- [Problem details]:
Any picture in the records below stays out; return everything else exactly.

- [Given entries]:
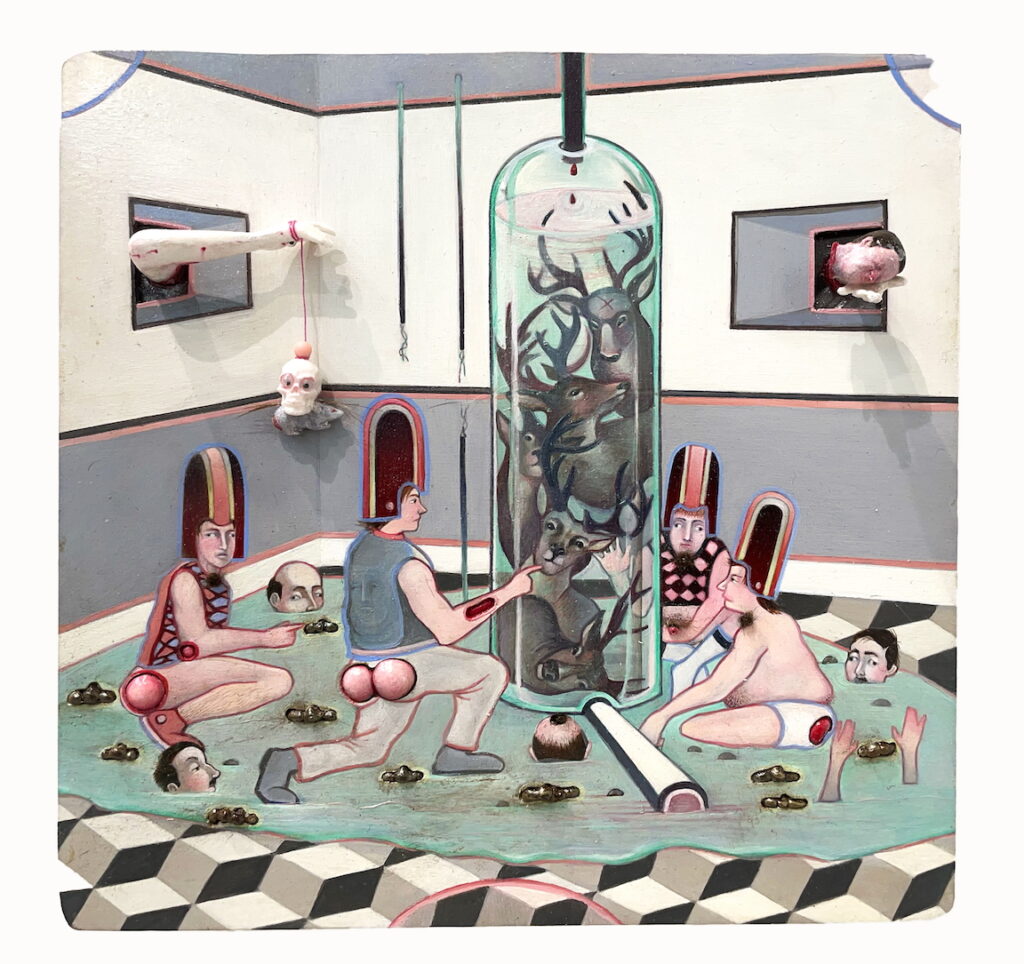 Bunker Room 3- Game Rooms, water soluble oil, polymer clay, moldable plastic silicone on wood,
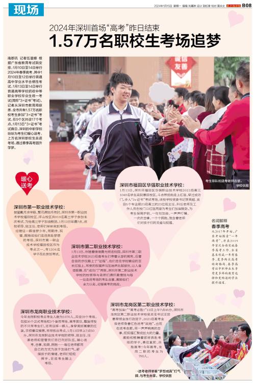 南都讯 记者伍曼娜 根据广东省教育考试院安排,1月10日至14日举行2024年春季高考,其中1月10日至12日举行普通高中学业水平合格性考试,1月13日至14日举行普通高等学校招收中等职业学校毕业
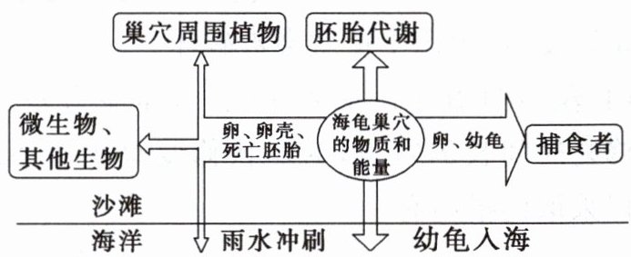 典例1 (2024·海南卷)海龟是国家一级重点保护野生动物,其上岸产卵的行为促进了海洋与陆地间的物质循环和能量流动。在龟卵孵化过程中,巢穴的物质和能量与周围环境的关系如图。下列叙述错误的是 ( )
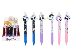 Gumovací kuličkové pero s motivy roztomilých zvířátek. Pero má jemný hrot o tloušťce 0,5 mm a speciální inkoust, který lze snadno vymazat pomocí integrované gumy na konci. Toto pero je ideální pro školní použití, psaní poznámek nebo tvoření deníčků, kde oceníte možnost opravit chyby bez potřeby korektoru. Kombinace funkčnosti a veselého motivu dělá z tohoto pera zábavný a praktický doplněk do každého penálu.
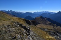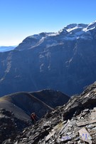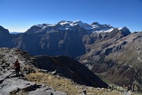 Cap al sud-est es veu el Comodoto i el camí fet. Al fons Cotiella i Penya Montañesa
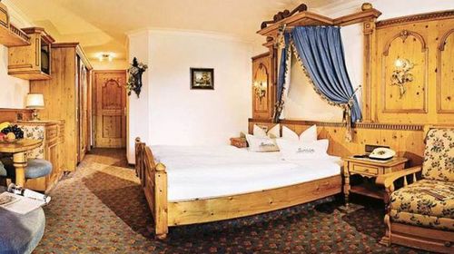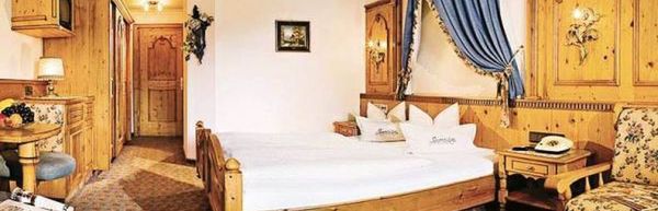 elegancki hotel. Budynek główny i boczny (oddzielone parkingiem, połączone podziemnym przejściem). W budynku głównym: hall z barem, izby tyrolskie i sale restauracyjne (dla niepalących). Winda. Parking. Garaż w cenie (mało miejsc, bez możliwości rezerwacji). Można przywieźć psa (30 €/pobyt, wymagane zgłoszenie). 40 pokoi.
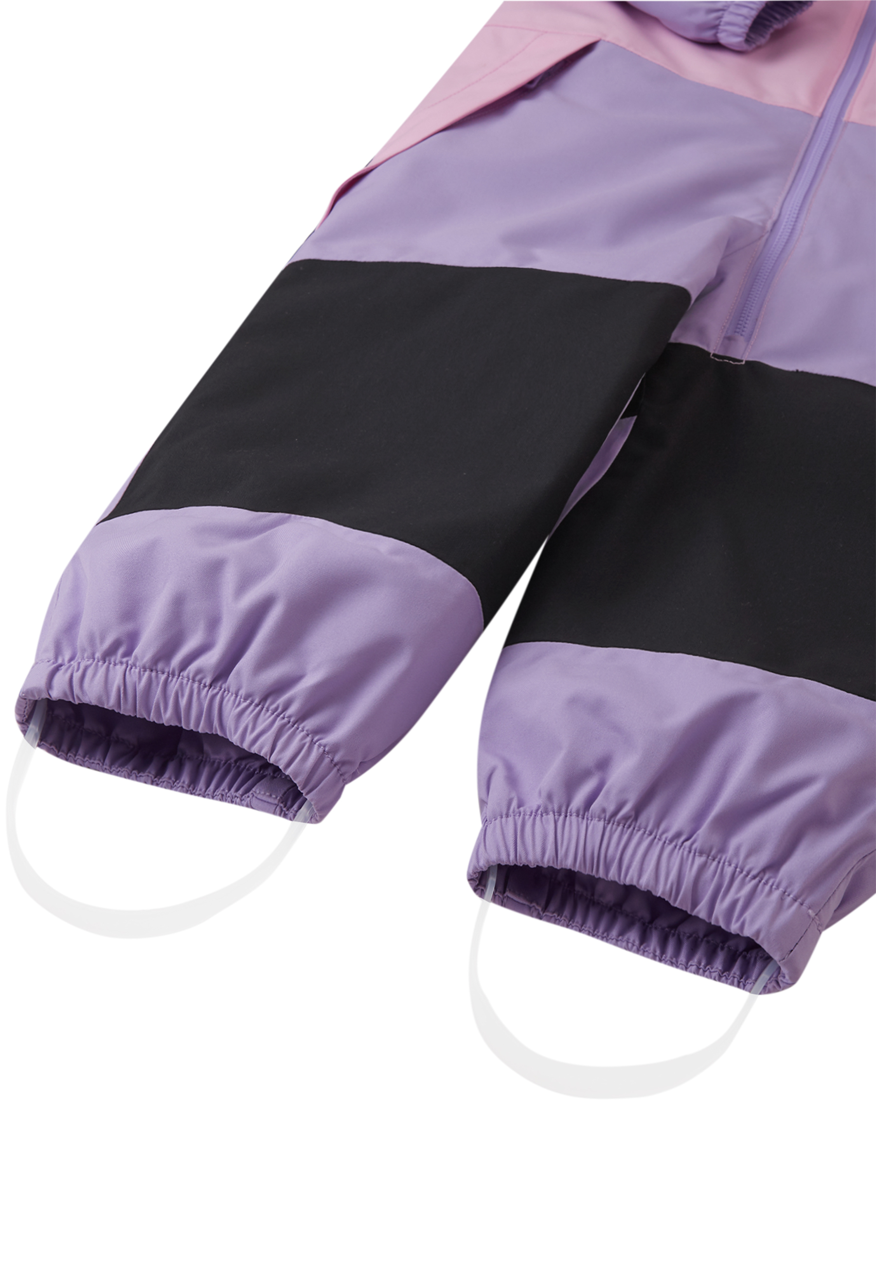 Enjoy the great outdoors with the toddler waterproof jumpsuit Tuusula, with all seams sealed for ultimate protection. Crafted from durable windproof material with reinforcements, it features a protective hood that's detachable for safety. The suit includes a smooth lining and long zipper to ease dressing. The elastic waistband and detachable silicone foot loops, plus elastic cuffs and leg ends, make for a snug fit. Designed to repel water and dirt, it keeps your child clean and dry during their adventures while the zip pocket safeguards their Most Important Item, whatever it may be!

- [Solution to this exercise]:
 Bunker Room 3- Game Rooms, water soluble oil, polymer clay, moldable plastic silicone on wood,
 南都讯 记者伍曼娜 根据广东省教育考试院安排,1月10日至14日举行2024年春季高考,其中1月10日至12日举行普通高中学业水平合格性考试,1月13日至14日举行普通高等学校招收中等职业学校毕业
 典例1 (2024·海南卷)海龟是国家一级重点保护野生动物,其上岸产卵的行为促进了海洋与陆地间的物质循环和能量流动。在龟卵孵化过程中,巢穴的物质和能量与周围环境的关系如图。下列叙述错误的是 ( )
 Gumovací kuličkové pero s motivy roztomilých zvířátek. Pero má jemný hrot o tloušťce 0,5 mm a speciální inkoust, který lze snadno vymazat pomocí integrované gumy na konci. Toto pero je ideální pro školní použití, psaní poznámek nebo tvoření deníčků, kde oceníte možnost opravit chyby bez potřeby korektoru. Kombinace funkčnosti a veselého motivu dělá z tohoto pera zábavný a praktický doplněk do každého penálu.
 Cap al sud-est es veu el Comodoto i el camí fet. Al fons Cotiella i Penya Montañesa
 elegancki hotel. Budynek główny i boczny (oddzielone parkingiem, połączone podziemnym przejściem). W budynku głównym: hall z barem, izby tyrolskie i sale restauracyjne (dla niepalących). Winda. Parking. Garaż w cenie (mało miejsc, bez możliwości rezerwacji). Można przywieźć psa (30 €/pobyt, wymagane zgłoszenie). 40 pokoi.
 Enjoy the great outdoors with the toddler waterproof jumpsuit Tuusula, with all seams sealed for ultimate protection. Crafted from durable windproof material with reinforcements, it features a protective hood that's detachable for safety. The suit includes a smooth lining and long zipper to ease dressing. The elastic waistband and detachable silicone foot loops, plus elastic cuffs and leg ends, make for a snug fit. Designed to repel water and dirt, it keeps your child clean and dry during their adventures while the zip pocket safeguards their Most Important Item, whatever it may be!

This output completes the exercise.